(Beginning of SUPPLIED DATA)
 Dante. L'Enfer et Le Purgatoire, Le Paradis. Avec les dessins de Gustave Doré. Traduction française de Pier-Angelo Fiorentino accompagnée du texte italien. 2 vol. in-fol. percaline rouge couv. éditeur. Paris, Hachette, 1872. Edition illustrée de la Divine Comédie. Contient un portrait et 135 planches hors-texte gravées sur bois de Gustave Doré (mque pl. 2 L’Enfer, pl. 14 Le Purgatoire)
(End of SUPPLIED DATA)
(Beginning of SUPPLIED DATA)
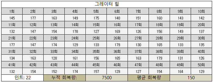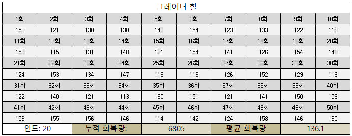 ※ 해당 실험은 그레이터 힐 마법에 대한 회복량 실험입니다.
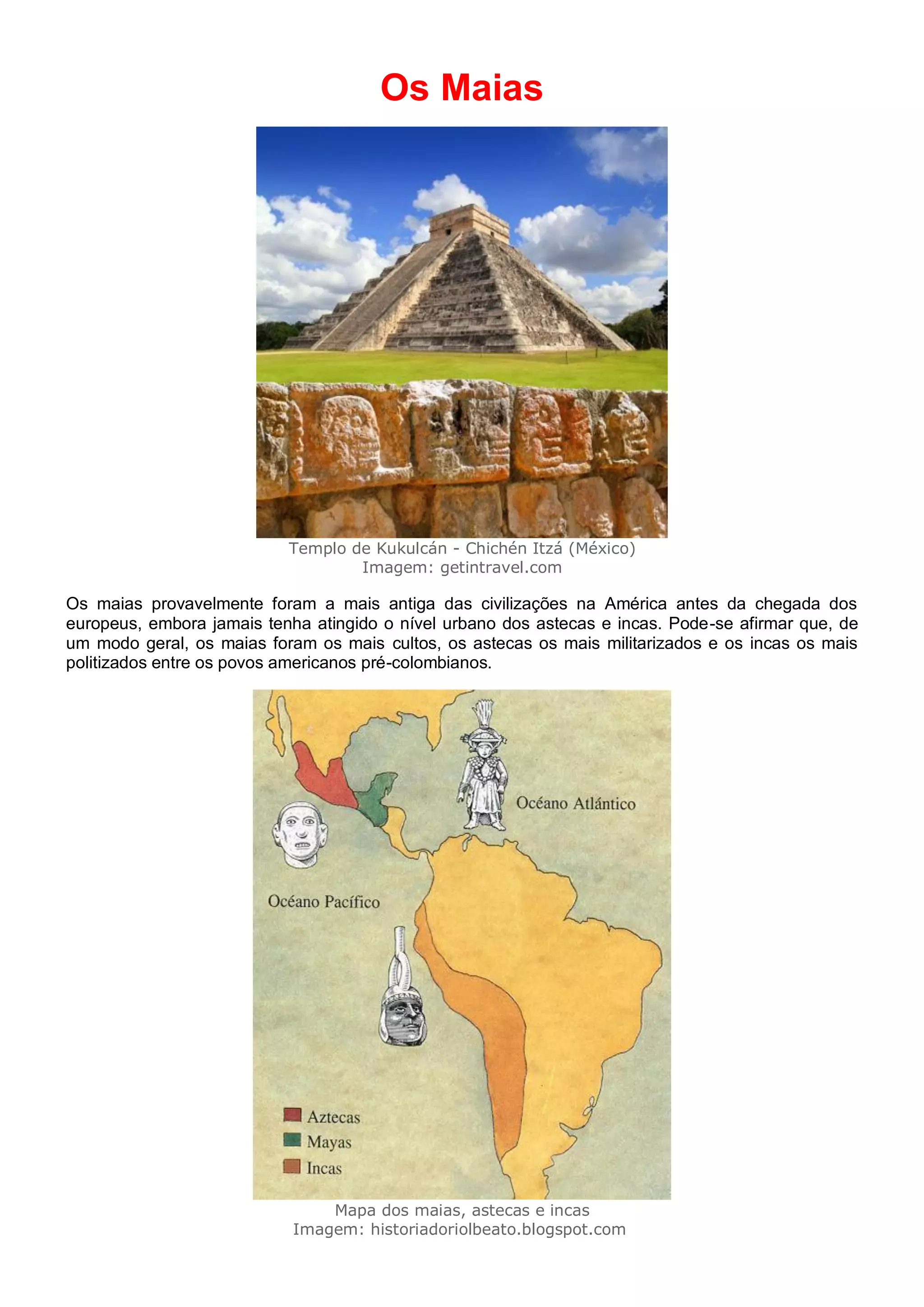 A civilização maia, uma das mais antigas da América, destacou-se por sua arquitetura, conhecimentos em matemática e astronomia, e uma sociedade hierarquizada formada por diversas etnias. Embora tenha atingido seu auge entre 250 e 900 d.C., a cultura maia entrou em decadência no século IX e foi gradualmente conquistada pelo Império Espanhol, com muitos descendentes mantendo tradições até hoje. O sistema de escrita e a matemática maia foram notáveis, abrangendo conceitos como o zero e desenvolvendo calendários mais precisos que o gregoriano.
(End of SUPPLIED DATA)
## REQUIREMENT
Repeat only the stretch of data above that runs from the line with "대한 회복량 실험입니다." to the line with "A civilização maia, uma". Keep both end lines; exclude pictures.

## OUTPUT OF THE TASK
 ※ 해당 실험은 그레이터 힐 마법에 대한 회복량 실험입니다.
 A civilização maia, uma das mais antigas da América, destacou-se por sua arquitetura, conhecimentos em matemática e astronomia, e uma sociedade hierarquizada formada por diversas etnias. Embora tenha atingido seu auge entre 250 e 900 d.C., a cultura maia entrou em decadência no século IX e foi gradualmente conquistada pelo Império Espanhol, com muitos descendentes mantendo tradições até hoje. O sistema de escrita e a matemática maia foram notáveis, abrangendo conceitos como o zero e desenvolvendo calendários mais precisos que o gregoriano.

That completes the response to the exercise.